Health Service Focus

25.02.20

Royal Voluntary Service: The power of NHS volunteers

Sam Ward, Deputy CEO and Director of Services, Royal Voluntary Service, explains why one year on from the Long Term Plan, NHS volunteers are more important than ever

Last year, the NHS Long Term plan announced a commitment to double the number of volunteers in the NHS in the next ten years. With the NHS under increasing strain, including from a growing ageing population, it is more important than ever to support patients and staff. One way that the Long Term Plan laid out to do this was through integrated volunteer services.

We are now a month into the new decade and the time is ripe to begin to prioritise volunteering across the NHS. This will ensure the current (and changing) population’s healthcare needs are met through delivering the Long Term Plan.

The good news is that there has been growing recognition of the significant value of volunteers in hospitals. The evidence of success is widespread and we are not the only organisation championing the increasingly important role it plays. The King’s Fund recently published findings revealing over 90% of nurses believe volunteers ‘add value to patient experience’.

Volunteers can support hospitals in many different capacities, offering benefits for both patients and staff. Their remit can include anything from retail services to on-ward support. They can also offer a more specialist role in assisting patients with exercise and encouraging hydration and nutrition, especially at mealtimes. Evidence shows that volunteer support sees positive outcomes in terms of patients’ mental and physical health. From our on-ward clients, 59% said they felt physically and emotionally healthier and 88% said they felt happier.

As a result, a volunteer service also increases speed of patient recovery time and reduces readmissions. One hospital saw readmission figures of 9.2% for those aged 85 and over compared to the national average for those 75+ which is around 15.3%. Nurses have also stated that volunteers are able to provide support that allows them to focus on their core responsibilities and therefore free up time.

Despite the benefits of NHS volunteers being widely acknowledged, we know that resourcing and recruiting a full service is not always straight-forward. This is partly because the wide range of volunteer roles are not always easy to identify and place. Even when they are, it can seem difficult to integrate new resource in a long-term capacity and to guarantee projected funding for the service.

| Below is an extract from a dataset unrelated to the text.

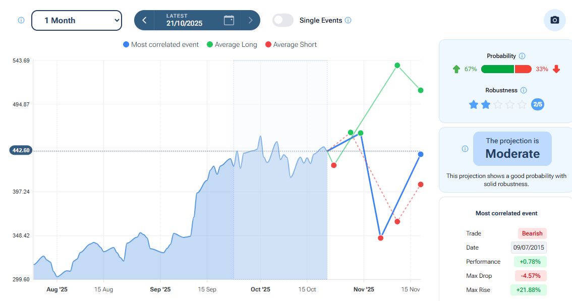 Il tool “Projection” della piattaforma Forecaster, con scadenza a un mese, evidenzia indicazioni contrastanti. Lo scenario “best match” (linea blu) stima dapprima un rialzo nell’ordine del 4,6% circa, seguito da una flessione di circa il 21%, che porterebbe i prezzi in area 345 dollari. Lo scenario long (linea verde), al contrario, stima uno storno di circa il 3,5%, prima di un allungo verso area 538 dollari. Guarda il video di lancio della funzionalità, PREVEDERE I MERCATI CON L’INTELLIGENZA ARTIFICIALE: la nuova funzionalità di Forecaster Terminal.

That’s why Royal Voluntary Service (RVS) looked closely at these challenges to try and provide sustainable solutions. In response we developed and launched a new financing model called ‘Step Up’. It will enable Trusts and Health Boards to use the money raised through our hospital shops, cafes and trolleys, to fund the on-going management and delivery of high-impact volunteer support.

With a wealth of experience in volunteering and working in hospital environments, we can help Trusts and Health Boards to identify where the volunteer support could be most beneficial, in the ways that will best suit a hospital’s needs. Then, on-going for the life of the relationship, the sustainable revenue means that Trusts and Health Boards can be sure that the support will always be there for staff and patients alike.

Using a sustainable model is one way that hospitals can answer a policy need and make a change that helps the progress of the Long Term Plan. With the current social care climate, the value and impact of volunteers is non-negotiable, and thinking about how your hospital can start to use them and fund them is the first step to achieving the plan.